(Directions) Write every line below out again, exactly as given, but leave out the pictures.
─── Supplied information
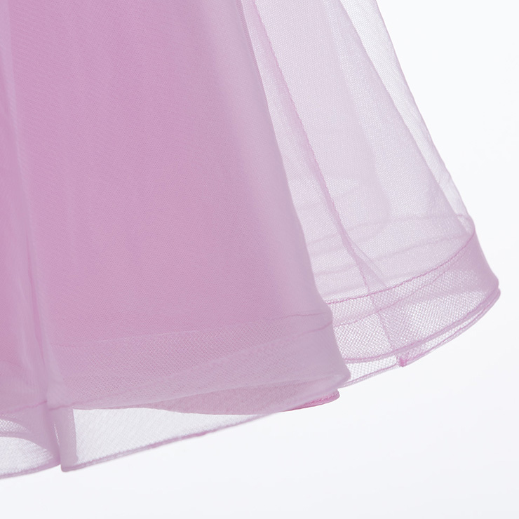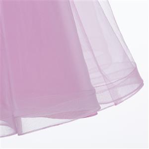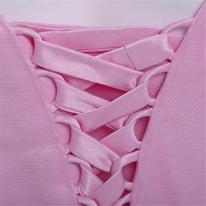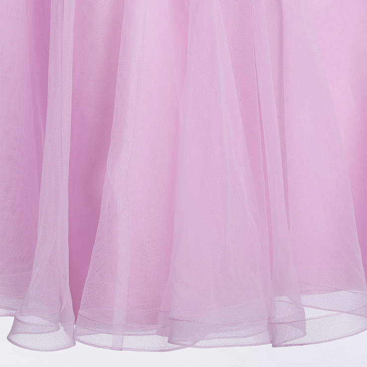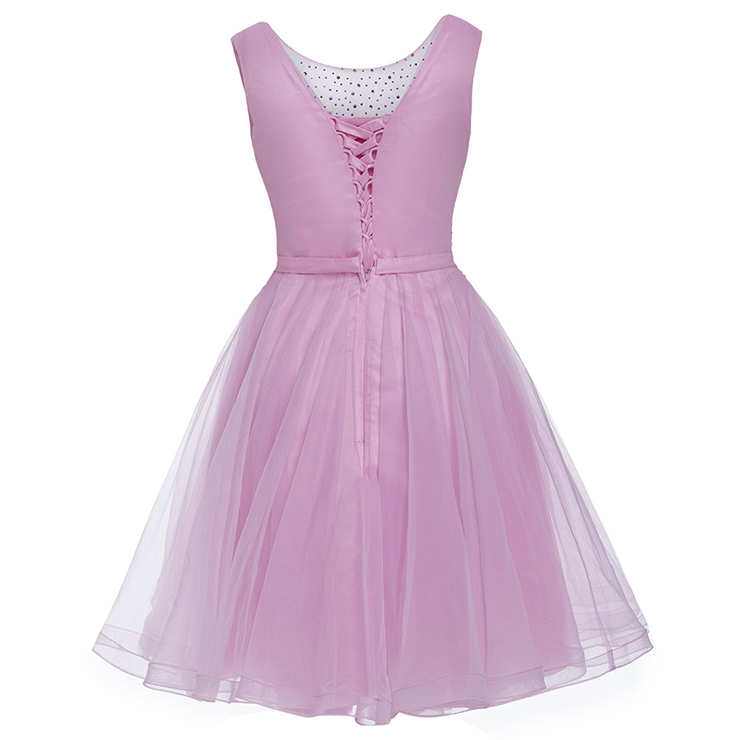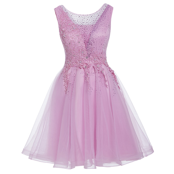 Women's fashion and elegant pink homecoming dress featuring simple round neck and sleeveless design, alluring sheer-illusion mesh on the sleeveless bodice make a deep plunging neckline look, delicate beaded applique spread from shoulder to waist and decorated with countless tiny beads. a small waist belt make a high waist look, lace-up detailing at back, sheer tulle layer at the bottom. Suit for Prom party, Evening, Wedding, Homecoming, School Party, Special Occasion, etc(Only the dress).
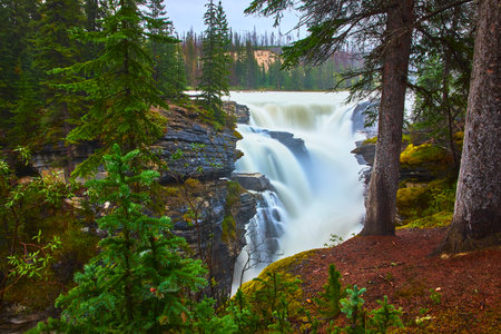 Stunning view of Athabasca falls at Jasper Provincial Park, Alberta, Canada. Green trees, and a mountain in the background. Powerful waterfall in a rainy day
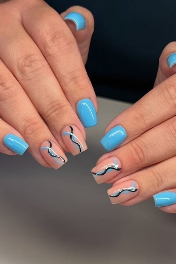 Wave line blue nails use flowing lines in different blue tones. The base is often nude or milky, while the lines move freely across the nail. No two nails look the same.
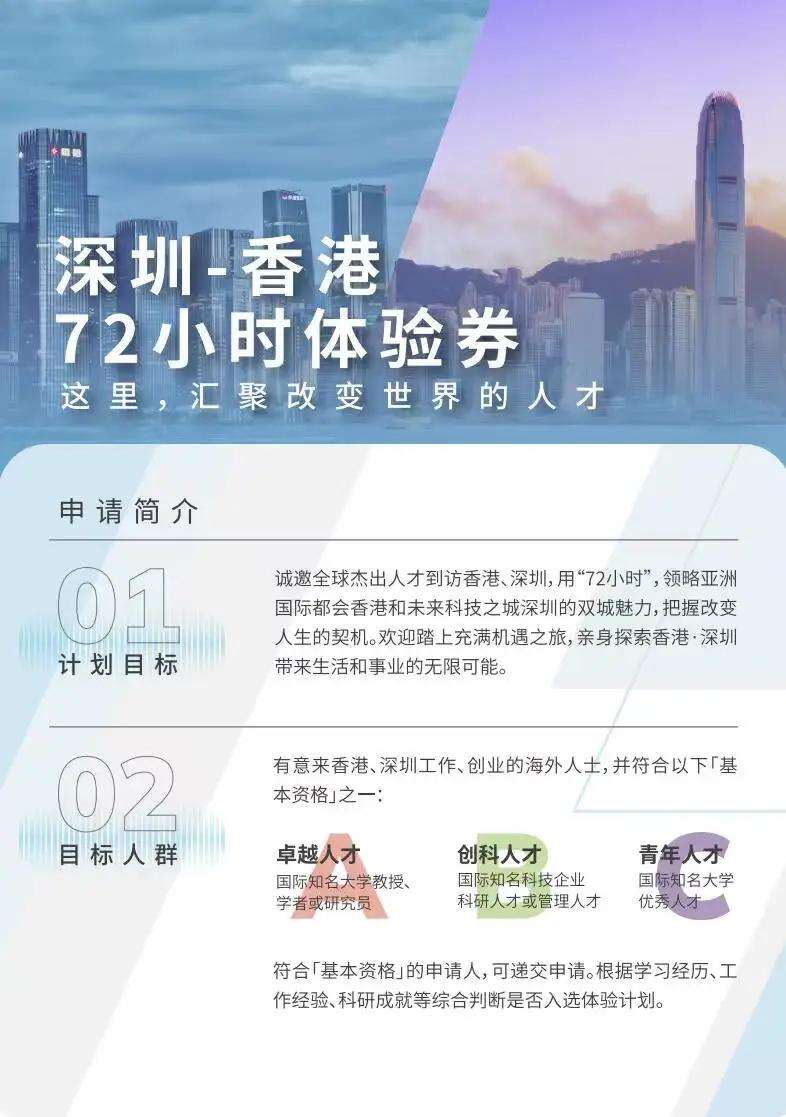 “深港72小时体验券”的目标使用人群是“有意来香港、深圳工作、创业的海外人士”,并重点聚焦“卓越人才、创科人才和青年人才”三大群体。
──────
(Solution for this task)
 Women's fashion and elegant pink homecoming dress featuring simple round neck and sleeveless design, alluring sheer-illusion mesh on the sleeveless bodice make a deep plunging neckline look, delicate beaded applique spread from shoulder to waist and decorated with countless tiny beads. a small waist belt make a high waist look, lace-up detailing at back, sheer tulle layer at the bottom. Suit for Prom party, Evening, Wedding, Homecoming, School Party, Special Occasion, etc(Only the dress).
 Stunning view of Athabasca falls at Jasper Provincial Park, Alberta, Canada. Green trees, and a mountain in the background. Powerful waterfall in a rainy day
 Wave line blue nails use flowing lines in different blue tones. The base is often nude or milky, while the lines move freely across the nail. No two nails look the same.
 “深港72小时体验券”的目标使用人群是“有意来香港、深圳工作、创业的海外人士”,并重点聚焦“卓越人才、创科人才和青年人才”三大群体。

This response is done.